- Active: 1949.2 - 1992.10
- Country: People's Republic of China
- Branch: People's Liberation Army, People's Volunteer Army
- Type: Brigade
- Role: Infantry, Garrison
- Part of: 24th Army
- Garrison/HQ: Fengning, Hebei
- Engagements: Chinese Civil War, Korean War

= 197th Division (People's Republic of China) =

The 197th Army Division, then 5th Garrison Brigade of Beijing Military Region was a military formation of the People's Liberation Army of the People's Republic of China.

The 197th Division () was created in February 1949 under the Regulation of the Redesignations of All Organizations and Units of the Army, issued by Central Military Commission on November 1, 1948, basing on the 2nd brigade, 1st Column of the Huabei Military Region. Its history could be traced to the 2nd Independent Brigade of Jinchaji Military Region, formed in August 1947.

The division was a part of 66th Corps. Under the flag of 197th division it took part in several major battles during the Chinese Civil War.
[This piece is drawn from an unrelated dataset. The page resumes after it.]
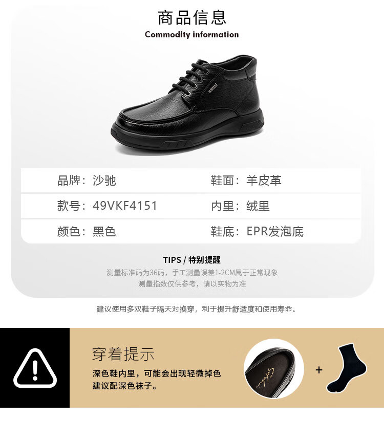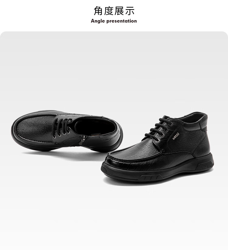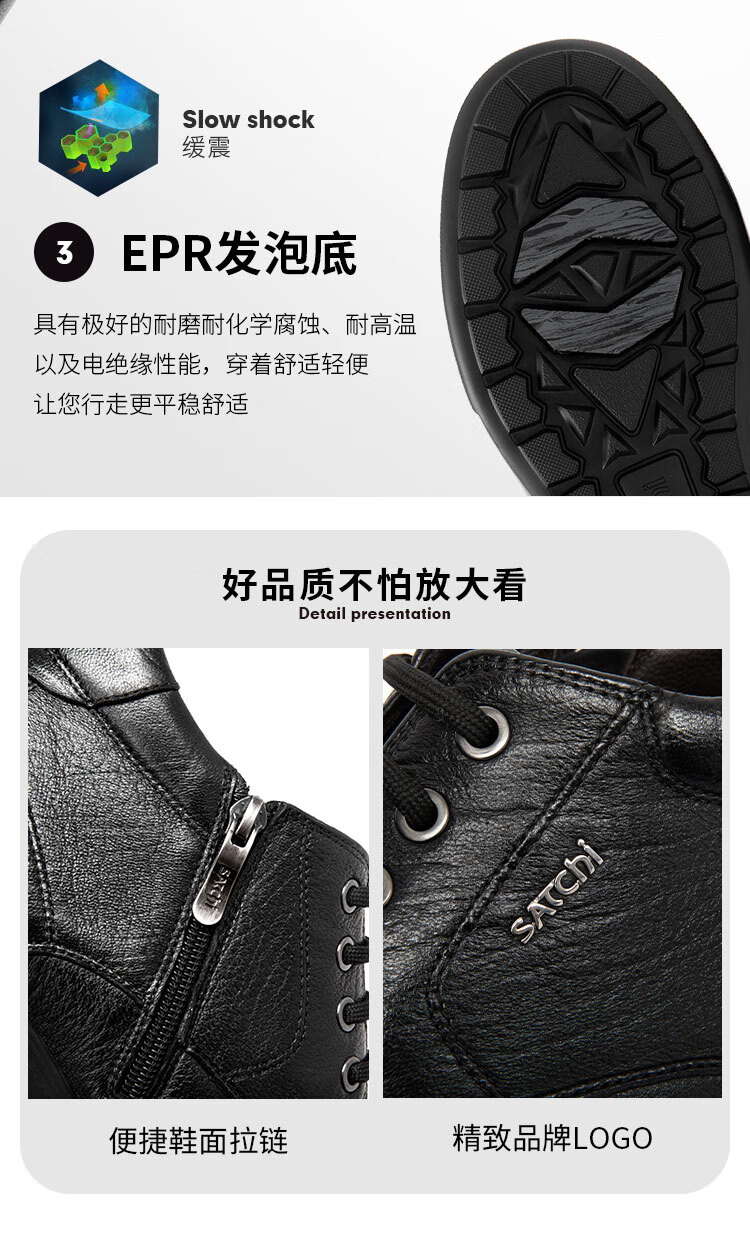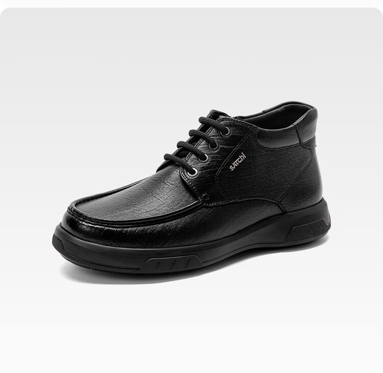 沙驰(SATCHI)男鞋【加绒】羊皮舒适休闲靴防寒保暖棉鞋通勤商务男靴枯树皮纹 黑色(49VKF4151) 41 欧码(选小一码)

In October 1950 the division entered Korea along with the Corps and became a part of the People's Volunteer Army (Chinese People's Volunteers (CPV) or Chinese Communist Forces (CCF)) during the Korean War with a standard strength of approximately 10,000 men. It was a component of the 66th Army, consisting of the 589th, 590th, and 591st Regiments.

In March 1951 the division pulled out from Korea and stationed in Fengning, Hebei.

In 1952 the division renamed as 197th Infantry Division ().

577th Artillery Regiment was activated in 1951. Tank Regiment was activated in September 1951 and renamed as 402nd Tank Self-Propelled Artillery Regiment in September 1953.

As of late 1953 the division was composed of:
- 589th Infantry Regiment;
- 590th Infantry Regiment;
- 591st Infantry Regiment;
- 402nd Tank Self-Propelled Artillery Regiment
- 577th Artillery Regiment.

In January 1957, the division exchanged its subordination with 74th Infantry Division was transferred to 24th Infantry Corps.

In 1960 the division renamed as 197th Army Division ().

In August 1968, 402nd Tank Self-Propelled Artillery Regiment was detached from the division and became 3rd Tank Regiment of 1st Tank Division.

In June 1969 577th Artillery Regiment became Artillery Regiment, 197th Army Division. In October the division returned to 66th Army Corps' control. Since then the division was composed of:
- 589th Infantry Regiment;
- 590th Infantry Regiment;
- 591st Infantry Regiment;
- Artillery Regiment.

In August 1985, following 66th Army Corps' disbandment, the division was reduced and renamed as 5th Garrison Brigade of Beijing Military Region() and transferred to 24th Army's control.

In October 1992 the brigade was disbanded.